» TASK OBJECTIVE
Within the listing below, please copy exactly the lines between the line holding "Longchamp Black/Brown Nylon" and the line holding "The E. B. Morgan", inclusive.

» INPUT RECORDS
++++++++++

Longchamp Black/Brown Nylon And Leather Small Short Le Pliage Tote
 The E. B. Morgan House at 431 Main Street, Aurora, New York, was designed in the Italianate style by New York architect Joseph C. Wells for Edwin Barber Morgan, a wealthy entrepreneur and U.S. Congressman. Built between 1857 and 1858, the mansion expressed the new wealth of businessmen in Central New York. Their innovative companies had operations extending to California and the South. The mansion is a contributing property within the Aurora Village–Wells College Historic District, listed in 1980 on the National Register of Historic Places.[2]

++++++++++

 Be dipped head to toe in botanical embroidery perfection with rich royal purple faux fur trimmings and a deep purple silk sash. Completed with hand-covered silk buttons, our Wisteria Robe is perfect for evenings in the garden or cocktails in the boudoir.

++++++++++

» PROBLEM SOLUTION
Longchamp Black/Brown Nylon And Leather Small Short Le Pliage Tote
 The E. B. Morgan House at 431 Main Street, Aurora, New York, was designed in the Italianate style by New York architect Joseph C. Wells for Edwin Barber Morgan, a wealthy entrepreneur and U.S. Congressman. Built between 1857 and 1858, the mansion expressed the new wealth of businessmen in Central New York. Their innovative companies had operations extending to California and the South. The mansion is a contributing property within the Aurora Village–Wells College Historic District, listed in 1980 on the National Register of Historic Places.[2]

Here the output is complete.